Akademik Veri Yönetim Sistemi
Journal of Child Neurology, 2025 (SCI-Expanded, Scopus)
Myelin oligodendrocyte glycoprotein antibody–associated disease (MOGAD) encompasses a spectrum of demyelinating disorders of the central nervous system, including a rare subtype known as FLAMES (FLAIR-hyperintense Lesions in Anti-MOG–associated Encephalitis with Seizures). FLAMES typically presents with unilateral cortical lesions, seizures, and elevated inflammatory markers in cerebrospinal fluid (CSF). Although the pathophysiology remains incompletely understood, recent reports have suggested potential immunologic triggers, including biologic agents. Herein, we present a case of a 17-year-old male adolescent with long-standing psoriasis, treated with the tumor necrosis factor α (TNF-α) inhibitor adalimumab, who developed FLAMES. The patient initially presented with focal seizures and severe headache, followed by neuropsychiatric symptoms and magnetic resonance imaging (MRI) findings consistent with cortical fluid-attenuated inversion recovery (FLAIR) hyperintensities. Diagnostic workup revealed positive anti-MOG antibodies, elevated CSF protein, and pleocytosis, whereas infectious etiologies were excluded.

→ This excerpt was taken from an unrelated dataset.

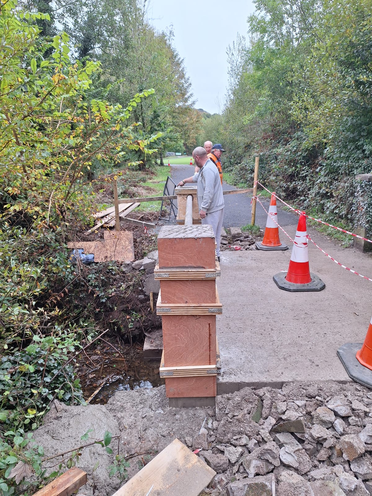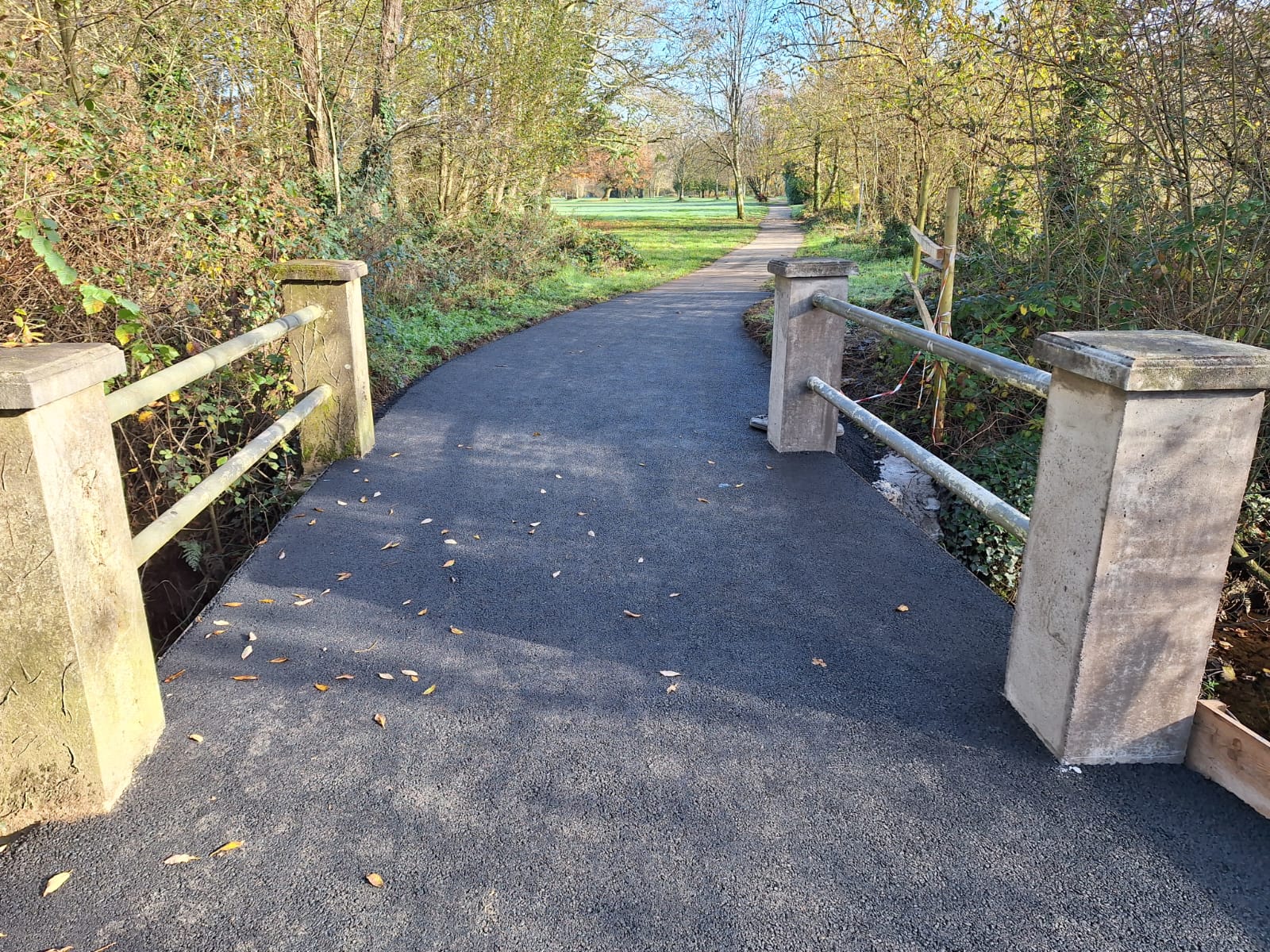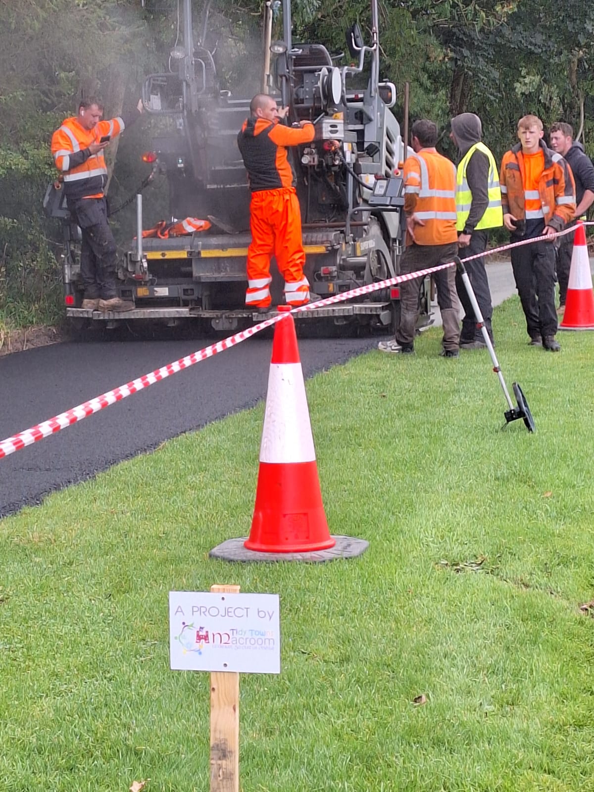 Completed end 2025 Excess €100 k. Majority of funding through CCAP, DECC and Cork Co.Council. Main tarmacadam work by contractor Niall Murphy. Project initiation,planning,coordination : Joseph Cronin,Martin Coughlan,John Lyons,Brian O'Sullivan and MTT officer Committee with assistance from Macroom GAA. Bridge alteration: additional budget, work and materials through Tidy Towns Committee and volunteers.

High-dose corticosteroids led to partial improvement, but behavioral disturbances and steroid-induced psychiatric effects necessitated a switch to intravenous immunoglobulin, which resulted in further clinical recovery. Due to the uncertain safety of other TNF-α inhibitors in similar contexts, alternative psoriasis treatment was considered. This case emphasizes the importance of recognizing FLAMES as a potential adverse event associated with TNF-α inhibitors and supports the need for individualized immunotherapy. Clinicians should be vigilant when patients receiving biologics present with new-onset seizures and cortical lesions. Further research is needed to elucidate the underlying mechanisms linking TNF-α inhibitor therapy and MOGAD.